Illustration by Xenia Latii

Lindsay Gellman | LongreadsMarch 2018 | 23 minutes (5,754 words)

Read the story in German

Soon after Kate Colgan’s mother, Janet, awoke from surgery in a hospital near Manchester, U.K., last summer, she made a simple request of her daughter: “Get me to Germany.”

So Kate, then 25, fitted the family sedan with a roof rack and piled it with luggage. She arranged for her mother’s voluntary discharge from the hospital, against doctors’ wishes, and eased her from a wheelchair into the car’s passenger seat. Kate’s then-fiancé Chad drove them, along with the couple’s infant daughter, some 16 hours straight to a private treatment clinic on the outskirts of Dornstetten, a quiet medieval town in southern Germany.

Janet was diagnosed with metastatic stomach cancer in September 2016, when she was 54 years old. British doctors with the National Health Service gave her up to a year to live and offered only palliative care with chemotherapy.

Choosing palliative care felt to Kate like giving up. She scoured the web for other options for her mother, and came across the Hallwang Private Oncology Clinic, a for-profit institution that operates outside of the strictly regulated German hospital system. The Hallwang Clinic has emerged in recent years as the highest profile of a bevy of cancer clinics to gain traction in Germany. It markets itself as a luxury spa of sorts, touting its individualized treatments, pastoral setting in southern Germany’s Black Forest, and delicately plated dining-room meals.

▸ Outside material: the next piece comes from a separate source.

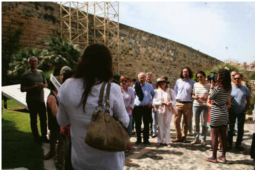
Imatge de l'itinerari literari

The clinic’s online testimonials looked promising, so the Colgans inquired about treatment. After reviewing Janet’s medical records, a Hallwang Clinic doctor told the Colgans a cocktail of experimental drugs not widely available elsewhere could mean eventual remission for Janet. But the price would be staggering — more than $120,000. The clinic does not accept insurance and typically requires an 80% deposit before treatment can begin.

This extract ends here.